=== Begin Enclosure ===

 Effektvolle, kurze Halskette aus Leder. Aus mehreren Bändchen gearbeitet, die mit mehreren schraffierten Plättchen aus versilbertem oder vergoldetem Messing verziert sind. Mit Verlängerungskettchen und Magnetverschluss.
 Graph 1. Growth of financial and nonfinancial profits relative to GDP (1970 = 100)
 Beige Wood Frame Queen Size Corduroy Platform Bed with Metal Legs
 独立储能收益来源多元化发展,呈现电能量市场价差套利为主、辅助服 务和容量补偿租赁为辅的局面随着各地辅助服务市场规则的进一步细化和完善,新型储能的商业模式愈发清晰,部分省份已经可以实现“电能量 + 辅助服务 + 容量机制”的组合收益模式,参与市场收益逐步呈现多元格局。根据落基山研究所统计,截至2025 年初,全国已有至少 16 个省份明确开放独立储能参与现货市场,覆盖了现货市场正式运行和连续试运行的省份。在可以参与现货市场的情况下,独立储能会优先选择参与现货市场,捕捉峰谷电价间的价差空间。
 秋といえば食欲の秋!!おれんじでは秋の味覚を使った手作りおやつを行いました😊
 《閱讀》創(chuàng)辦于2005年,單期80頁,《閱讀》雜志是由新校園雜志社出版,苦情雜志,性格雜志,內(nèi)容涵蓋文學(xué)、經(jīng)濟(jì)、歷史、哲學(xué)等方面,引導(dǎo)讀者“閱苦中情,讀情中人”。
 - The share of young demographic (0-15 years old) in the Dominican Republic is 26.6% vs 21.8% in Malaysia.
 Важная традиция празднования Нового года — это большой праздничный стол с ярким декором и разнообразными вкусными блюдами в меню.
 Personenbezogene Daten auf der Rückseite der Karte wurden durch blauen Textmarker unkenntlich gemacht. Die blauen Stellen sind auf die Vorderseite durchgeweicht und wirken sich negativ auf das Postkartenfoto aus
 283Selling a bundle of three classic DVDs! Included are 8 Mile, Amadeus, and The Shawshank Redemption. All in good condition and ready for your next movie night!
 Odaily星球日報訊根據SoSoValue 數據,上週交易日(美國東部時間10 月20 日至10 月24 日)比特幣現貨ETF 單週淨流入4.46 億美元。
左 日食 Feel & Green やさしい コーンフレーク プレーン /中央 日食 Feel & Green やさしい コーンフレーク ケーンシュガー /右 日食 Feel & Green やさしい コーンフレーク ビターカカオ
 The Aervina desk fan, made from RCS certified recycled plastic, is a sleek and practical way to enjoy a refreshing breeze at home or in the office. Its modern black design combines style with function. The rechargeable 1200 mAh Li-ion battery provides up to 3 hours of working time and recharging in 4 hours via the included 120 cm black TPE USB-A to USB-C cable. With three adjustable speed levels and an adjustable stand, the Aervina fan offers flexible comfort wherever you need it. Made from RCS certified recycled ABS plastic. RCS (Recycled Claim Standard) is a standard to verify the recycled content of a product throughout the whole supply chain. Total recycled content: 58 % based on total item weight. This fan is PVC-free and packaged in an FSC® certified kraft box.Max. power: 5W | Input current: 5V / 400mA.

=== End Enclosure ===

Task instructions: Reproduce all of the entries word for word. Omit nothing.

Result for this task:
 Effektvolle, kurze Halskette aus Leder. Aus mehreren Bändchen gearbeitet, die mit mehreren schraffierten Plättchen aus versilbertem oder vergoldetem Messing verziert sind. Mit Verlängerungskettchen und Magnetverschluss.
 Graph 1. Growth of financial and nonfinancial profits relative to GDP (1970 = 100)
 Beige Wood Frame Queen Size Corduroy Platform Bed with Metal Legs
 独立储能收益来源多元化发展,呈现电能量市场价差套利为主、辅助服 务和容量补偿租赁为辅的局面随着各地辅助服务市场规则的进一步细化和完善,新型储能的商业模式愈发清晰,部分省份已经可以实现“电能量 + 辅助服务 + 容量机制”的组合收益模式,参与市场收益逐步呈现多元格局。根据落基山研究所统计,截至2025 年初,全国已有至少 16 个省份明确开放独立储能参与现货市场,覆盖了现货市场正式运行和连续试运行的省份。在可以参与现货市场的情况下,独立储能会优先选择参与现货市场,捕捉峰谷电价间的价差空间。
 秋といえば食欲の秋!!おれんじでは秋の味覚を使った手作りおやつを行いました😊
 《閱讀》創(chuàng)辦于2005年,單期80頁,《閱讀》雜志是由新校園雜志社出版,苦情雜志,性格雜志,內(nèi)容涵蓋文學(xué)、經(jīng)濟(jì)、歷史、哲學(xué)等方面,引導(dǎo)讀者“閱苦中情,讀情中人”。
 - The share of young demographic (0-15 years old) in the Dominican Republic is 26.6% vs 21.8% in Malaysia.
 Важная традиция празднования Нового года — это большой праздничный стол с ярким декором и разнообразными вкусными блюдами в меню.
 Personenbezogene Daten auf der Rückseite der Karte wurden durch blauen Textmarker unkenntlich gemacht. Die blauen Stellen sind auf die Vorderseite durchgeweicht und wirken sich negativ auf das Postkartenfoto aus
 283Selling a bundle of three classic DVDs! Included are 8 Mile, Amadeus, and The Shawshank Redemption. All in good condition and ready for your next movie night!
 Odaily星球日報訊根據SoSoValue 數據,上週交易日(美國東部時間10 月20 日至10 月24 日)比特幣現貨ETF 單週淨流入4.46 億美元。
左 日食 Feel & Green やさしい コーンフレーク プレーン /中央 日食 Feel & Green やさしい コーンフレーク ケーンシュガー /右 日食 Feel & Green やさしい コーンフレーク ビターカカオ
 The Aervina desk fan, made from RCS certified recycled plastic, is a sleek and practical way to enjoy a refreshing breeze at home or in the office. Its modern black design combines style with function. The rechargeable 1200 mAh Li-ion battery provides up to 3 hours of working time and recharging in 4 hours via the included 120 cm black TPE USB-A to USB-C cable. With three adjustable speed levels and an adjustable stand, the Aervina fan offers flexible comfort wherever you need it. Made from RCS certified recycled ABS plastic. RCS (Recycled Claim Standard) is a standard to verify the recycled content of a product throughout the whole supply chain. Total recycled content: 58 % based on total item weight. This fan is PVC-free and packaged in an FSC® certified kraft box.Max. power: 5W | Input current: 5V / 400mA.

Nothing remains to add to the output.